I am sitting there, thinking of Mr Hamilton, wondering how many times he answered the Riverton front door before his heart attack in the spring of 1934, when it happens.
‘Good to see you back, young Grace.’
I squint up into the watery sun (or is it my eyes that are watery?) and there he stands, on the top step.
‘Mr Hamilton,’ I say. I am hallucinating, of course, but it seems churlish to ignore an old comrade, no matter he’s been dead sixty years.
‘We’ve been wondering when we might see you again. Mrs Townsend and I.’
‘You have?’ Mrs Townsend passed soon after him: a stroke in her sleep.
‘Oh, aye. We always like it when the young ones return. We get a little lonely, just the two of us. No family to serve. Just a lot of hammering and knocking and dirty boots.’ He shook his head and cast his eyes upward to take in the arch of the portico. ‘Aye, the old place has seen a lot of changes. Just wait till you see what they’ve done with my pantry.’ He smiles at me, down his long burnished nose. ‘And tell me, Grace,’ he said gently. ‘How are things with you?’

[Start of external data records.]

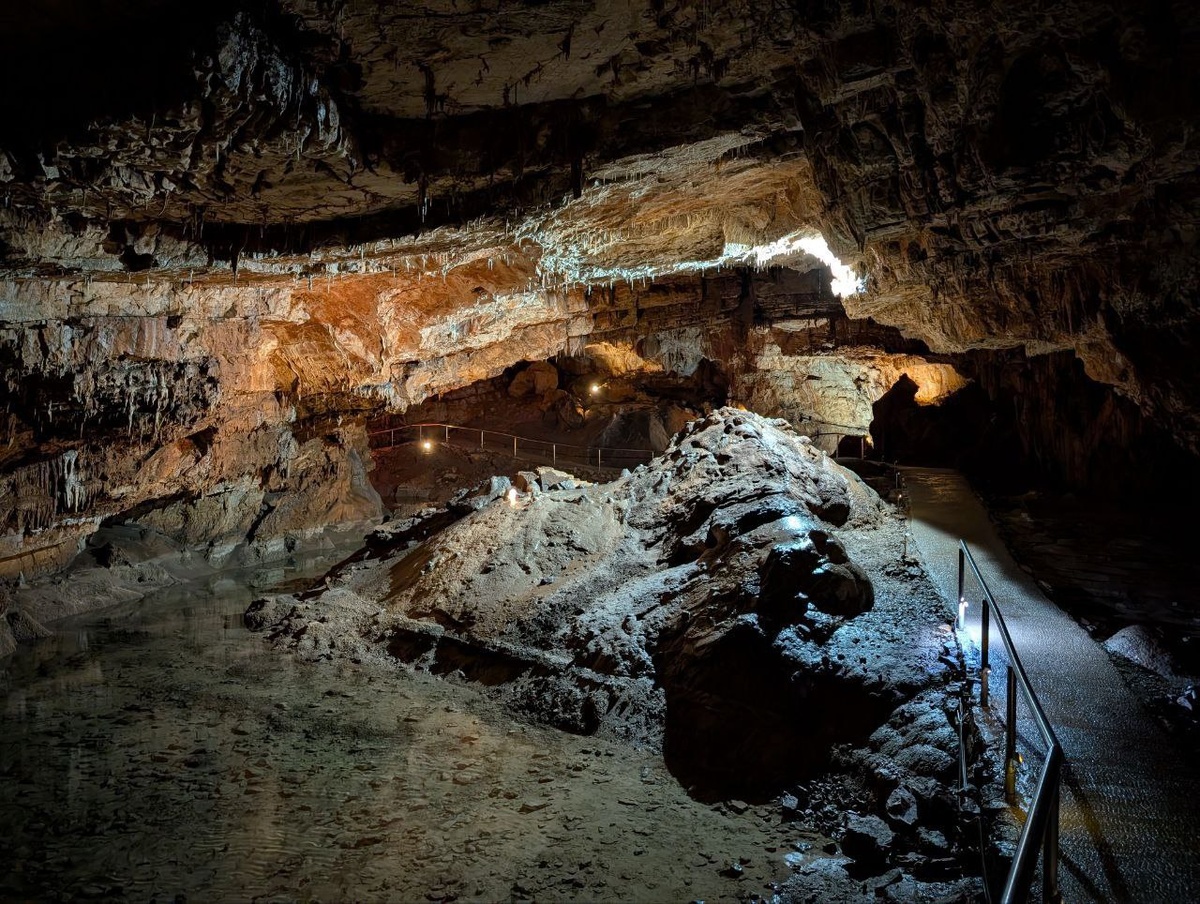 Пещера Ветренница. Босния и Герцеговина. 24.04.2025 Самая большая пещера Боснии и Герцеговины, возрастом около 5 млн лет, до сих пор не исследована полностью. Здесь всегда дует ветер. Зимой внутрь пещеры, а в жару наружу, и чем выше температура снаружи, тем сильнее поток воздуха - до 15 метров в секунду. Рассказывает Саша: "Пока доехал до пещеры, пошел дождь. Но в пещере то его нет! Пошел покупать билет. Нет никого. Постучал, позвал. Не отзываются. Пещера рядом, открыта. Ну я и пошел ) Иду смотрю, фотографирую. Никого. Потом слышу голоса - все-таки я здесь не один. Попались навстречу пару немцев, из моего "знания" немецкого понял, что они удивляются между собой, как я так пробрался в пещеру без каски. Иду дальше. Навстречу уже группа с экскурсоводом. Он уже не между собой, а мне напрямую заявил, что без каски здесь нельзя и опасно. Пошел с группой на выход, параллельно слушая рассказы экскурсовода. Вышел, решил, что мне пещеры достаточно (я довольно глубоко зашел), сел в маши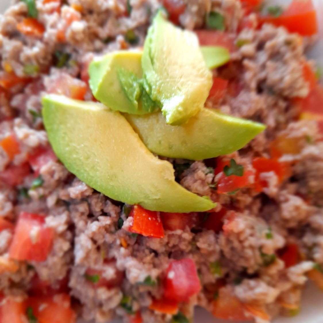 CARNE MOLIDA DE RES COCIDA CON JUGO DE LIMÓN, JITOMATE,CILANDRO, CHILE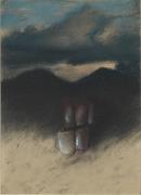 coloured pastels on brown paper
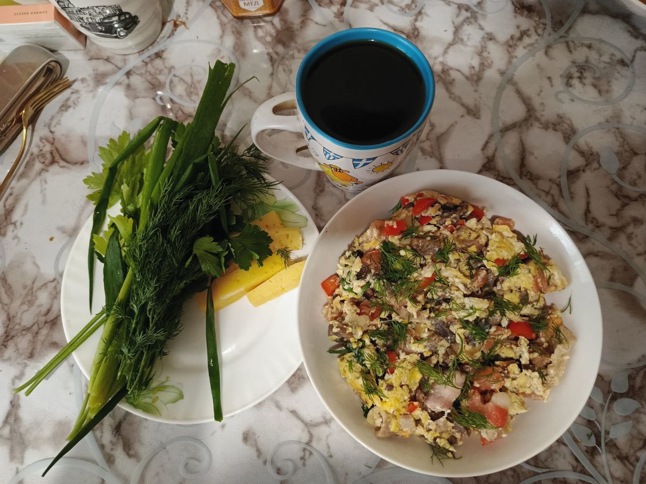 Омлет , на кокосовом масле для жарки, копченой грудинки домашнего копчения, бекон, немного перца болгарского, помидорки черри, 1 шампиньон., соль. Кофе просто черный молотый, без сахзама. Твердый сыр.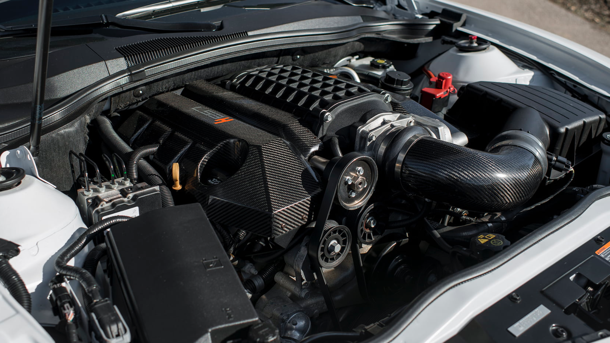 With the 426-horsepower engine from the standard SS paling in comparison to the Hendrick Motorsports vision for the SS, the team managed to squeeze a supercharged LS3 V8 pumping out 588-horsepower and 555 lbs-ft of torque under the hood. Allowing the engine to breath as deeply as needed, a carbon fiber intake tube funnels air to the intake while a stainless steel performance exhaust rings out a signature tone. Transmitting all that power to the rear is a Hurst short throw shifter controlled six-speed manual transmission.

‘I’m tired,’ I say. ‘I’m tired, Mr Hamilton.’
‘I know you are, lassie,’ he says. ‘Not long now.’
‘What’s that?’ Ursula is by my side, pushing her parking ticket into her purse. ‘Are you tired?’ Concern knots her brow. ‘I’ll see about hiring a wheelchair. They’ve put lifts in as part of the renovation.’
I tell her perhaps that might be best, and then I sneak a glance back at Mr Hamilton. He is no longer there.
Inside the entrance hall a sprightly woman dressed like the wife of a 1940s country squire welcomes us and announces that our entrance fee includes the tour she’s about to start. Before we can demur, we are herded into a group with six other unwitting visitors: a couple of daytrippers from London, a schoolboy researching a local history assignment, and a family of four American tourists-the adults and son in matching running shoes and T-shirts that read I escaped the tower! , the teenage daughter tall, pale and dour, dressed all in black. Our tour leader-Beryl, she says, tweaking her name badge to verify the fact-has lived in the village of Saffron Green all her life and we are to ask her anything we’d like to know.